Hot Takes: Being Your Editor’s MVP
The Hot Takes offerings weren’t all field reports and nuts-and-bolts information-sharing. Montreal-based editor Xi Feng (Cette Maison, Caiti Blues, La Guardia Blanca) shared insights about her creative process and the kind of projects that have inspired her.
Given her background in art and design, she considers herself not only an editor, but a co-writer and co-designer. Her practice is “about how to problem-solve…and convey the story in a more emotional way.” Her preferred sub-genres are hybrid docs, personal docs, autobiographical docs, and cinematic docs. “They have a more expansive way of telling stories, more like a visceral cinematic experience than just an informational movie,” she maintained.
As an example of her process, Feng cited Caiti’s Blues, about a New Mexico-based songwriter/musician who is struggling to find national success, Feng noted that the story lacked a clear structure and dramatic arc, so she and her team incorporated title cards that featured Caiti’s lyrics, which succeeded in both moving the narrative forward and underscoring the emotional weight of Caiti’s artistic journey.

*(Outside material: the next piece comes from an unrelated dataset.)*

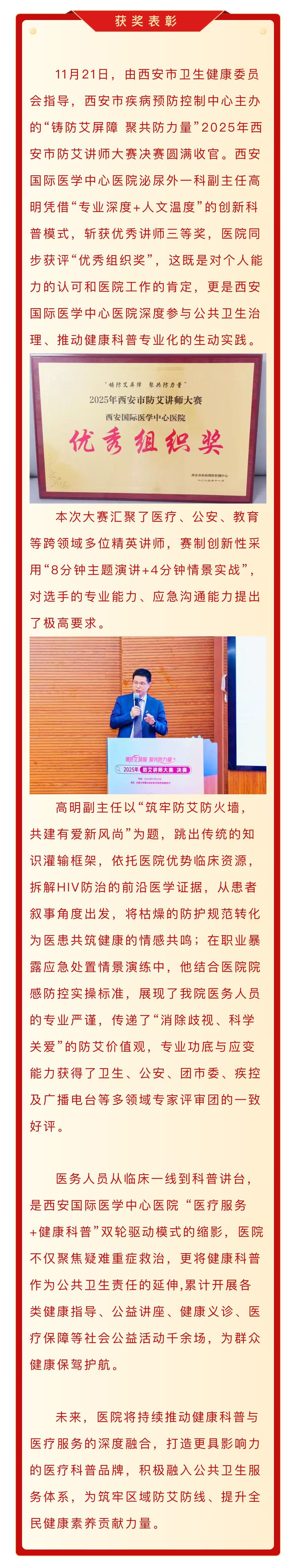 捷報頻傳——我院獲2025年西安市防艾講師大賽決賽個人、集體獎項
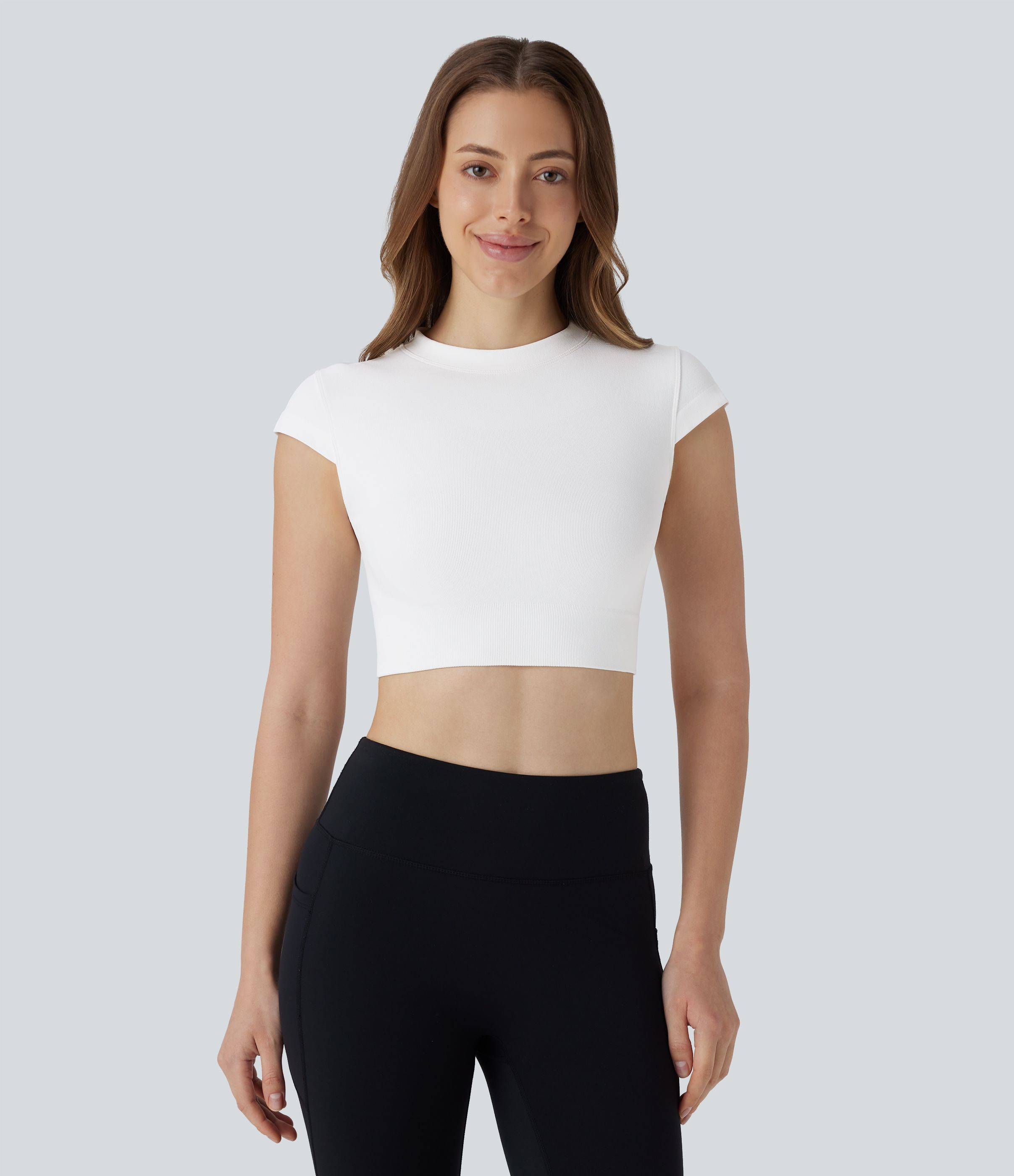 OneForm Seamless Flow Round Neck Cap Sleeve Cropped Yoga Sports Top

Feng pointed out that the Association of Documentary Editors (ADE) has been leading the fight for fair editing timelines within an industry that puts unreasonable demands and pressures on post-production teams. ADE’s guidelines call for one month of editing for every 10 minutes of film, or nine months for a 90-minute feature. “It’s important, after all the effort and time spent on a project, to give enough time for the editors to really work on the stories and find the form of the film,” she explained. “That could really elevate a project.”
Feng concluded her presentation with a quote from Stanley Kubrick: “Editing is the only unique aspect of filmmaking which does not resemble any other art form–-a point so important it cannot be overstressed. It can make or break a film.”